Risa Ward Quotes in Unwind
“Please, Miss Ward. It’s not dying, and I’m sure everyone here would be more comfortable if you didn’t suggest something so blatantly inflammatory. The fact is, 100% of you will still be alive, just in a divided state.”
“Anyway, since it was legally ours, we paid for the funeral. It didn’t even have a name, and my parents couldn’t bear to give it one. It was just ‘Baby Lassiter,’ and even though no one had wanted it, the entire neighborhood came to the funeral. People were crying like it was their baby that had died...And that’s when I realized that the people who were crying—they were the ones who had passed that baby around. They were the ones, just like my own parents, who had a hand in killing it.”
“People shouldn’t do a lot of things,” says Connor. He knows they’re both right, but it doesn’t make a difference. In a perfect world mothers would all want their babies, and strangers would open up their homes to the unloved. In a perfect world everything would be either black or right, right or wrong, and everyone would know the difference. But this isn’t a perfect world. The problem is people who think it is.
Please what? the teacher thinks. Please break the law? Please put myself and the school at risk? But, no, that’s not it at all. What he’s really saying is: Please be a human being. With a life so full of rules and regiments, it’s so easy to forget that’s what they are. She knows—she sees—how often compassion takes a back seat to expediency.
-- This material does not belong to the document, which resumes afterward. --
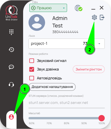 Якщо Ви зайшли в UniTalk Web Dialer викорстовуючи обліковий запис UniTalk, Ви можете швидко перейти на сторінку особистого кабінету UniTalk з розширення. Для цього, спочатку перейдіть на сторінку облікового запису та налаштувань (1), потім натисніть на кнопку-шестірню (2).

There’s nothing keeping them tied to this baby anymore. They could stork it again first thing in the morning [...] And yet the thought makes Connor uncomfortable. They don’t owe this baby anything. It’s theirs by stupidity, not biology. He doesn’t want it, but he can’t stand the thought of someone getting the baby who wants it even less than he does.
The fighter in him screams foul, but another side of him, a side that’s growing steadily stronger, enjoys this exercise of silent power—and it is power, because Roland now behaves exactly the way he and Risa want him to.
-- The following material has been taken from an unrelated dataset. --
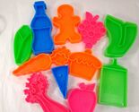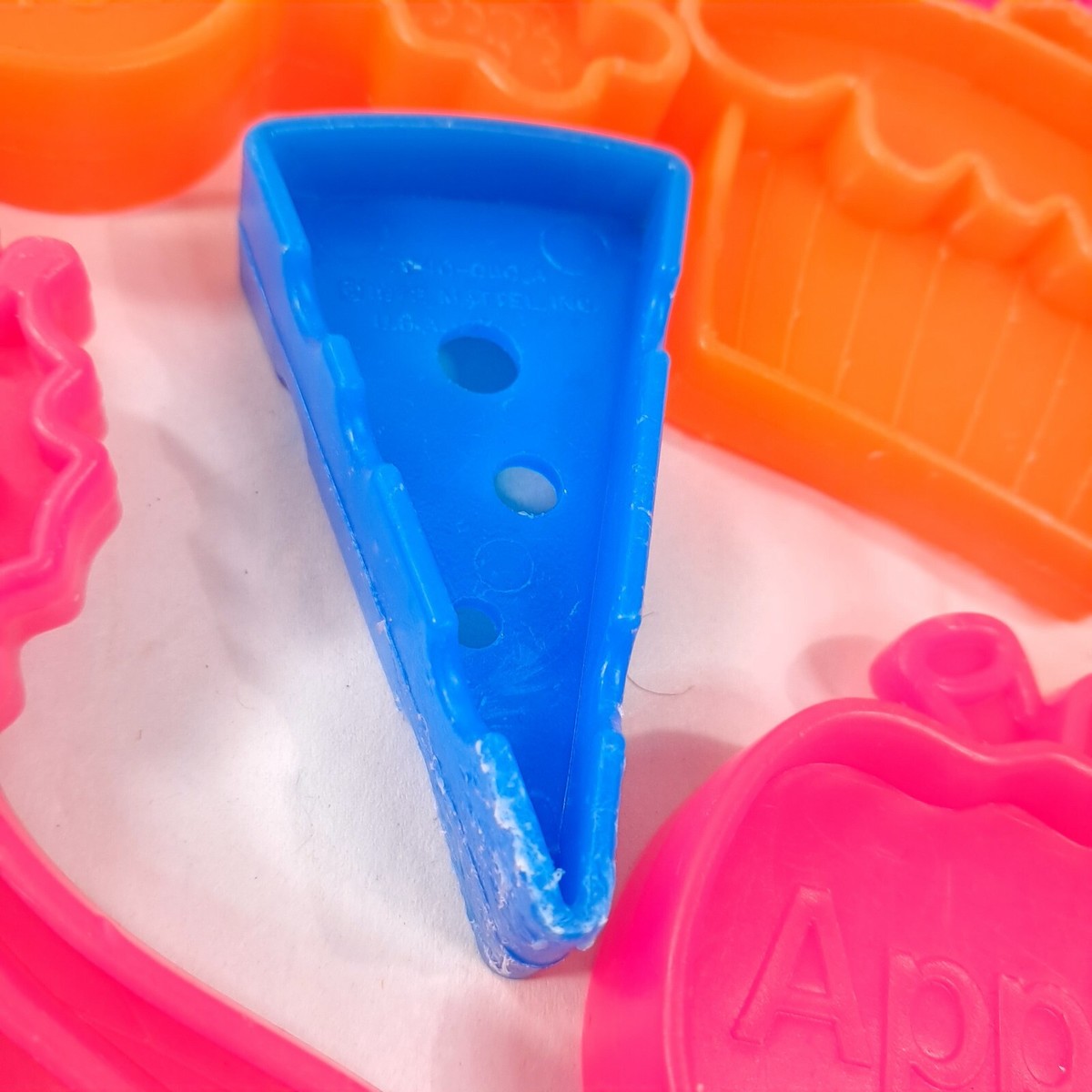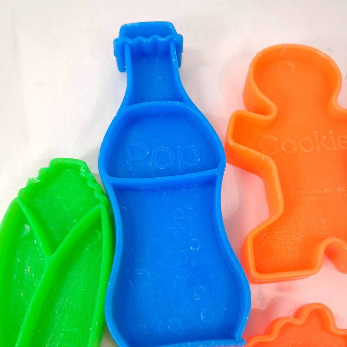 Includes steak, grapes, cupcake, cookie, apple, celery, carrot, corn, milk, cheese, and pop. Some wear/scuffs/scratches from use. See pics for details measurements.

The days begin to pass quickly, and before she realizes it, she’s been there a month. Each day that goes by adds to her sense of security. The Admiral was an odd bird, but he’d done something no one else had been able to do for her since she’d left StaHo. He’d given her back her right to exist.
In her mind’s eye she always pictured harvest camps as human cattle stockades: dead-eyed crowds of malnourished kids in small gray cells—a nightmare of dehumanization. Yet somehow this picturesque nightmare is worse. Just as the airplane graveyard was Heaven disguised as Hell, harvest camp is Hell masquerading as Heaven.
“What do you do with the club feet, and the deaf ears? Do you use those in transplants?”
“You don’t have either of those, do you?”
“No—but I do have an appendix. What happens to that?”
“Well,” says the counselor with near infinite patience, “a deaf ear is better than no ear at all, and sometimes it’s all people can afford. And as for your appendix, nobody really needs that anyway.”
“How can you do this?” she asks during one of their breaks. “How can you watch them day after day, going in and never coming out?”
“You get used to it,” the drummer tells her, taking a swig of water. “You’ll see.”
“I won’t! I can’t!” She thinks about Connor. He doesn’t have this same reprieve from unwinding. He doesn’t stand a chance. “I can’t be an accomplice to what they’re doing!”